Saturday, June 30, 2012

Gravest crime in modern history

June 30, 2012
Michelle Fitzpatrick
Agence France-Presse

Health and funding woes are threatening a flagship Khmer Rouge trial, experts say, kindling fears that the elderly defendants may never answer for the worst of Cambodia’s “Killing Fields” era. The three most senior surviving leaders of the brutal regime stand accused of some of the gravest crimes in modern history for their roles in up to two million deaths in the late 1970s.

Worried the octogenarians would not live to see a verdict, judges at a UN-backed court in Phnom Penh split their complex case into smaller trials, saving the most serious atrocities for later proceedings. But seven months into their slow-moving first “mini-trial,” concern is mounting that the court — faced with a worsening funding crunch and fresh fears over the accused’s health — will be unable to finish the entire case.

This is it, this is the trial. Nobody believes there’s going to be a second phase,” said Anne Heindel, a legal advisor to the Documentation Center of Cambodia, which researches Khmer Rouge atrocities.


Led by “Brother Number One” Pol Pot, who died in 1998, the communist movement dismantled modern society, abolished money and religion and forced the population to work in huge labour camps in a bid to forge an agrarian utopia.

“Brother Number Two” Nuon Chea, ex-foreign minister Ieng Sary and former head of state Khieu Samphan deny charges including war crimes and genocide.

The first trial segment focuses mainly on the forced evacuation of city people to rural work sites, listed as a crime against humanity. Yet for most Cambodians, far greater horrors than that took place under the 1975-1979 regime, including torture, mass purges and forced marriages — events the court may never shed light on.

“I’m not happy. The truth is not being revealed,” said prominent Khmer Rouge survivor Chum Mey, 82. His comments were echoed by Heindel, warning against settling for a “narrow judgement” that does not “tell the story of what happened under the Khmer Rouge.”

“It would greatly diminish the legacy of this court,” she said.

The prosecution has twice asked judges, so far in vain, to widen the scope of the first trial by including more crimes, such as the killings of thousands of perceived “enemies” shortly after the evacuations.

“We believe that it is important that if this trial is the only trial against the accused that it is viewed to represent the most horrendous and prevalent crimes committed,” co-prosecutor William Smith said.

Their demands took on greater urgency after Ieng Sary, 86, who has heart problems, was hospitalised for five days for bronchitis last month, forcing hearings to be postponed for a week.
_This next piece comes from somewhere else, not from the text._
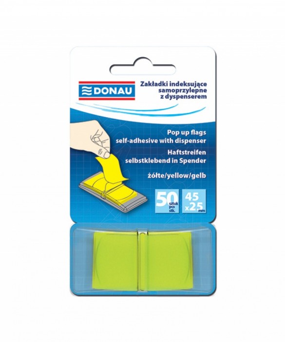 - Idealne do pozostawienia wiadomości zarówno w biurze jak i domu - Ilość zakładek: 1x50 w rozmiarze 25x45mm - Wykonane z folii PP o grubości 60µm - Wielorazowe, cienkie - Można po nich pisać cienkopisami lub markerami - Dyspenser wykonany z PP - Zakładki w intensywnych, żywych kolorach - Klej usuwalny za pomocą wody - Kolor: żółty

Since opening statements began in late November, the court has held trial hearings on 78 days. The last Thursday trial adjourned for almost a month.

The court’s funding problems are another major obstacle, according to observers. The tribunal, paid for by voluntary contributions from donor nations, has cost more than $160 million since it was set up in 2006 and faces a $22 million budget shortfall this year.